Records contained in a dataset
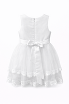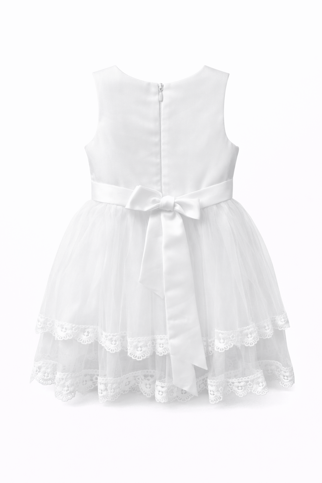 Abito da Battesimo Neonata Bianco 6–36 Mesi – Tulle a Strati con Bordo in Pizzo e Fiocco sul Retro Cerimonia Chiesa 660
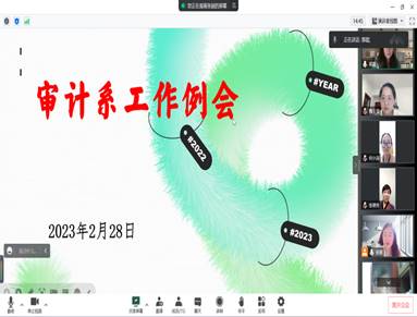 为贯彻落实bv伟德国际1946新学期教职工大会的会议精神,进一步强化教学管理,提高教学质量,充分激发青年教师对科研的热情,并促进教师间教科研工作经验交流,2月28日晚上,bv伟德国际1946审计系召开了2022-2023学年春季学期工作视频会议。bv伟德国际1946副院长刘善球、审计系主任郭秀珍出席会议并发表讲话。会议由审计系副主任张丽主持并作工作部署,审计系各课程负责人及所有专任教师共同参加了本次会议。
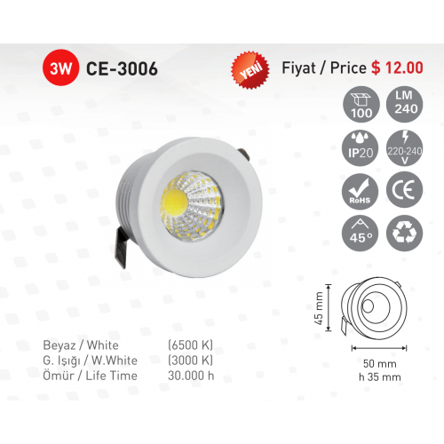 Etiketler: Toptan Elektrik Malzemesi-CE-light-CE-3006-Led-Tavan-Duvar-Armatur
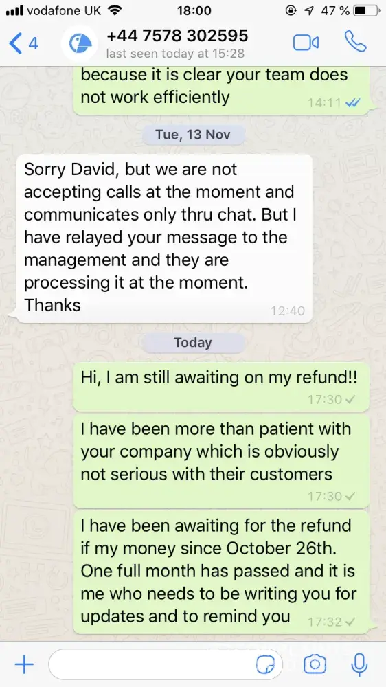 Attached the whatsapp conversation for your reference. the date is from 13 Nov. until now. There is no response. The company founded in Singapore. It is the online criminal.
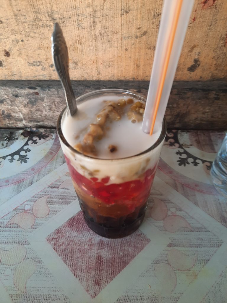 Saya memberhentikan sepeda dan menyimpannya di belakang. Duduk di bangku dan meminta 2 gelas es. Es Campur Mang Cawa bersampingan dengan Mi Ayam Mas Blangkon. Saya menerima gelas es campur. Mengaduk dan meminumnya. Ciri khas Es Campur Mang Cawa berupa kacang hijau dibalut dengan santan, sekuteng, dan gula aren. Bikin legit di mulut. Sekuteng yang berwarna jambon atau pink terbuat dari santan kelapa dan sagu. Setiap hari setidaknya habis 7 kilogram kacang hijau untuk satu gerobak Es Campur Mang Cawa.
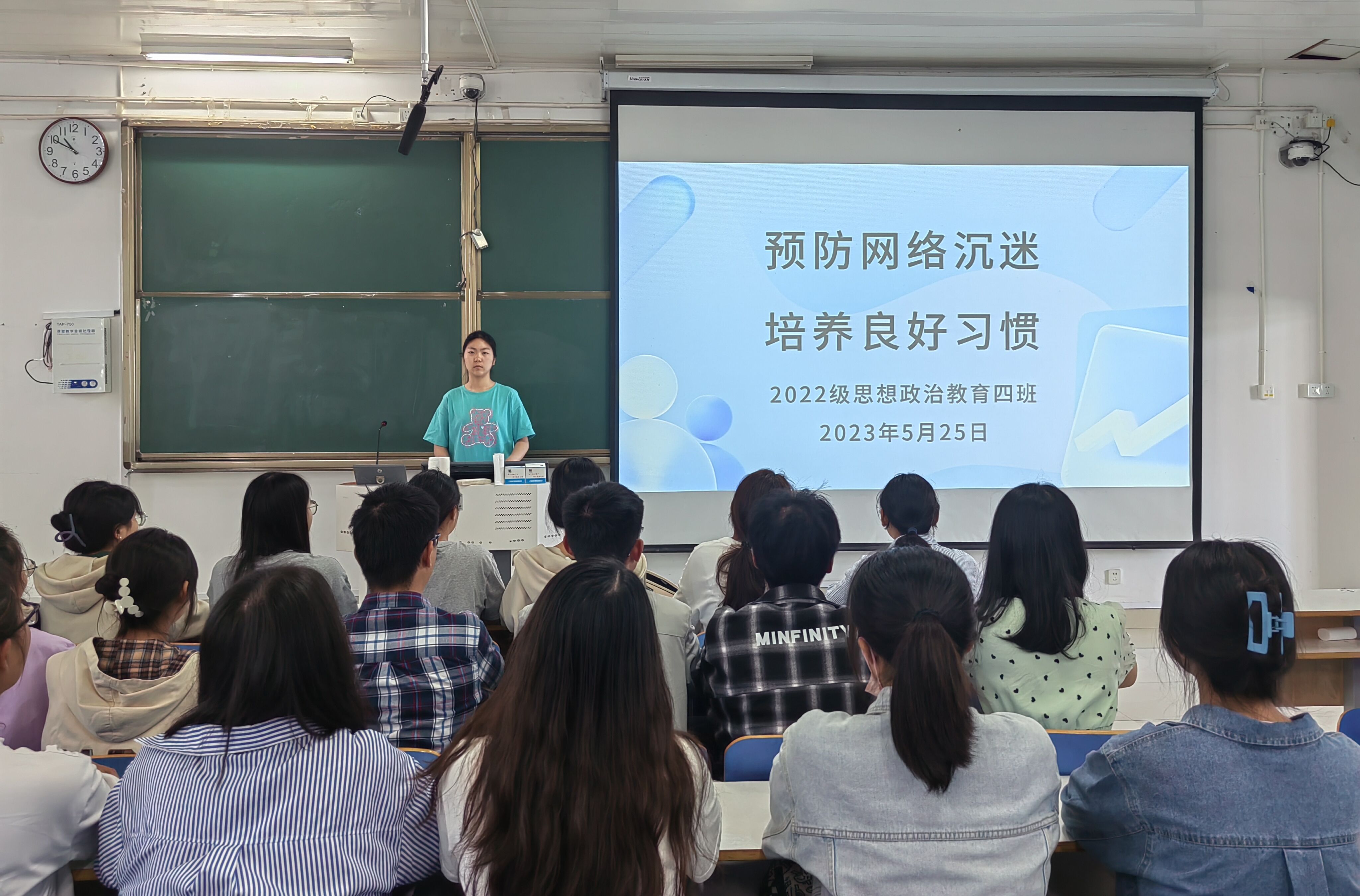 5月25日上午,ok138cn太阳集团5292022级思想政治教育四班在社科楼514教室召开“预防网络沉迷,培养良好习惯”主题班会,我院2022级思想政治教育四班全体同学参与本次班会。班长牛志杰主持班会。

_What to produce_
Drop the pictures and give every line above again exactly.

_Task output_
 Abito da Battesimo Neonata Bianco 6–36 Mesi – Tulle a Strati con Bordo in Pizzo e Fiocco sul Retro Cerimonia Chiesa 660
 为贯彻落实bv伟德国际1946新学期教职工大会的会议精神,进一步强化教学管理,提高教学质量,充分激发青年教师对科研的热情,并促进教师间教科研工作经验交流,2月28日晚上,bv伟德国际1946审计系召开了2022-2023学年春季学期工作视频会议。bv伟德国际1946副院长刘善球、审计系主任郭秀珍出席会议并发表讲话。会议由审计系副主任张丽主持并作工作部署,审计系各课程负责人及所有专任教师共同参加了本次会议。
 Etiketler: Toptan Elektrik Malzemesi-CE-light-CE-3006-Led-Tavan-Duvar-Armatur
 Attached the whatsapp conversation for your reference. the date is from 13 Nov. until now. There is no response. The company founded in Singapore. It is the online criminal.
 Saya memberhentikan sepeda dan menyimpannya di belakang. Duduk di bangku dan meminta 2 gelas es. Es Campur Mang Cawa bersampingan dengan Mi Ayam Mas Blangkon. Saya menerima gelas es campur. Mengaduk dan meminumnya. Ciri khas Es Campur Mang Cawa berupa kacang hijau dibalut dengan santan, sekuteng, dan gula aren. Bikin legit di mulut. Sekuteng yang berwarna jambon atau pink terbuat dari santan kelapa dan sagu. Setiap hari setidaknya habis 7 kilogram kacang hijau untuk satu gerobak Es Campur Mang Cawa.
 5月25日上午,ok138cn太阳集团5292022级思想政治教育四班在社科楼514教室召开“预防网络沉迷,培养良好习惯”主题班会,我院2022级思想政治教育四班全体同学参与本次班会。班长牛志杰主持班会。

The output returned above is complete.